I was sleeping with this guy, not "sleeping with" like sex, "sleeping with" like being asleep in a bed with him. We were cuddling, just like we had done many times before, and fell asleep to a movie.

And I think I had one of those moments. I can't clearly remember anything, because it was just a brief wake-up and then fell back asleep type of thing. But something in my head keeps nagging me with a fuzzy memory of his hand where it shouldn't be, and me moving it and going back to sleep. I don't recall being angry or feeling violated at the time, just more like being uncomfortable, so rolling over to go back to sleep.

When I woke up, I very fuzzily recalled this, and it disturbed me alot, but it didn't really seem like the kind of thing that he would do, and I couldn't remember anything clearly. I'm not even 100% sure that it's a real memory.

At the time, I was pretty happy with our relationship, and did my best to put the whole thing out of my head. But as the relationship wore on, he started to become emotionally abusive. I tried to leave him several times, but he always managed to convince me to come back. I realize now that I had stopped contact with all of my good friends for him, and that those were the people who could have helped me the most at that time. Eventually, I left him, and he threatened to kill himself if I left. I called the police, and they found him sitting in his living room watching TV. He called later that night laughing about it, about how he had tricked me.

I finally got out.
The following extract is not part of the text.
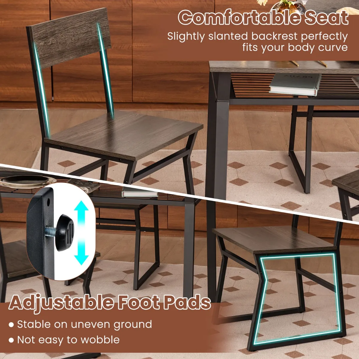 【Perfecte eetset voor 4】: De veelzijdige 5-delige eetset bestaat uit een rechthoekige eettafel en 4 stoelen, ideaal voor familiemaaltijden en intieme bijeenkomsten. Uitgerust met verstelbare rugleuningen bieden de stoelen een aangename en ontspannende ervaring.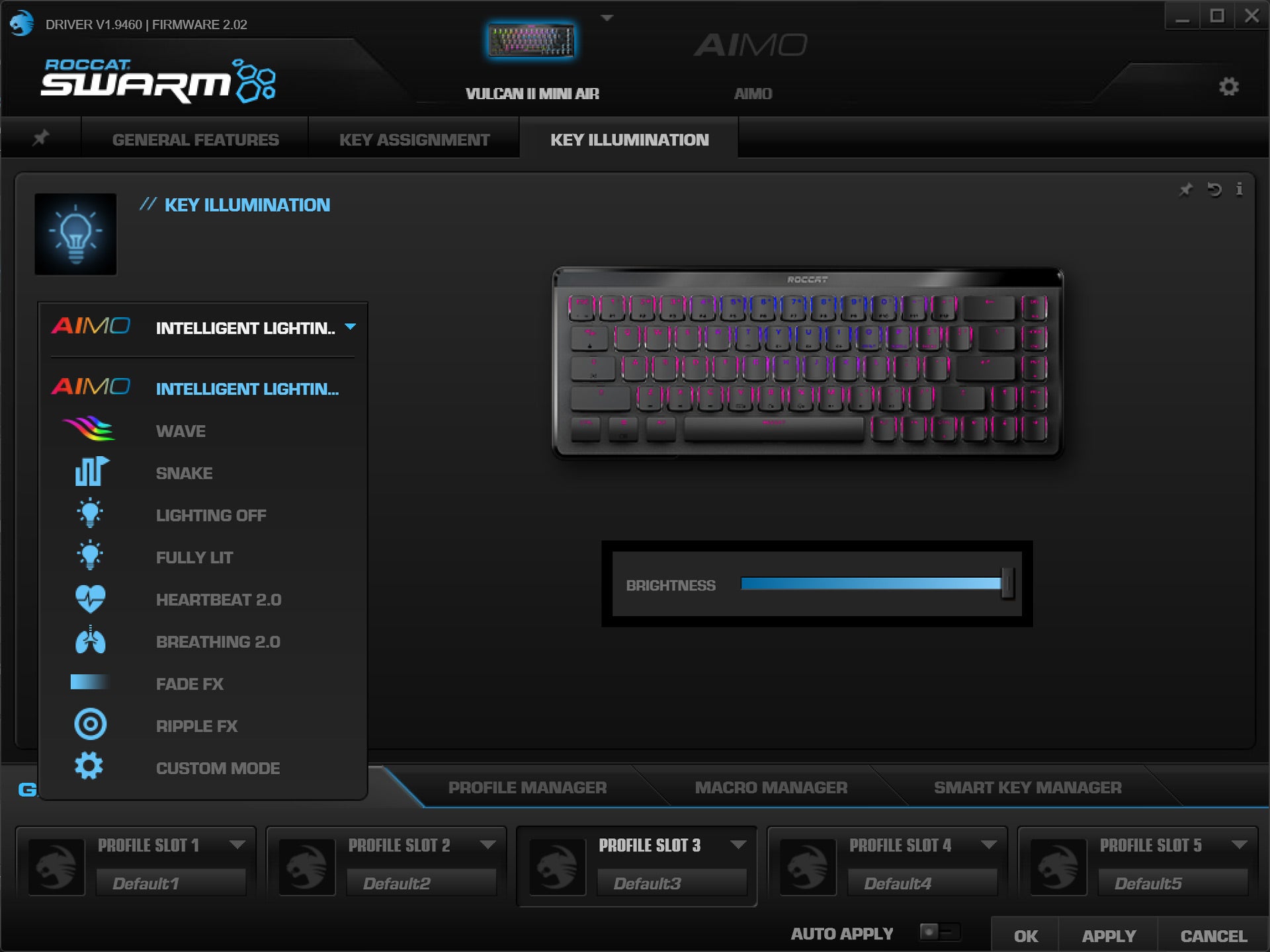 Lighting is better, but doesn’t shake the feeling that this software is long in the tooth. You can choose from ten preset lighting animations including the usual rainbow wave and ripple effects, as well as a neat AIMO “Intelligent Lighting” mode that reacts to your keystrokes and shifts between grades of color. If you want to make your own color scheme you can, but though the lighting can look great in the end, the customization process feels pretty bare bones.

That incident finally made me strong enough to leave for good, to ask him never to contact me again, to deny his entrance when he came pounding at my door, and to ignore his pleas to come back.

So now he's gone, out of my life, and I am infinately better off for it. The only thing is that this maybe-memory keeps coming back, and I just don't know what to think. It naggs quietly at the back of my mind, and though it doesn't really interfere with my life, I would really like to know. Is there any way to know if this momory is for real? I know that traumatic memories can be repressed, and I know that I am capable of this, as I can't remember most of a pretty traumatic car crash a couple of years ago.

I just want to know if this really happened. I feel like it would be easier to heal and easier to give closure to my ordeal with him if I knew the truth. He would never admit to it, so the only evidence of what might have happened is in my head.

Is there any way to be sure??

Thanks.

[ 02-03-2007, 08:16 PM: Message edited by: vixenchic42 ]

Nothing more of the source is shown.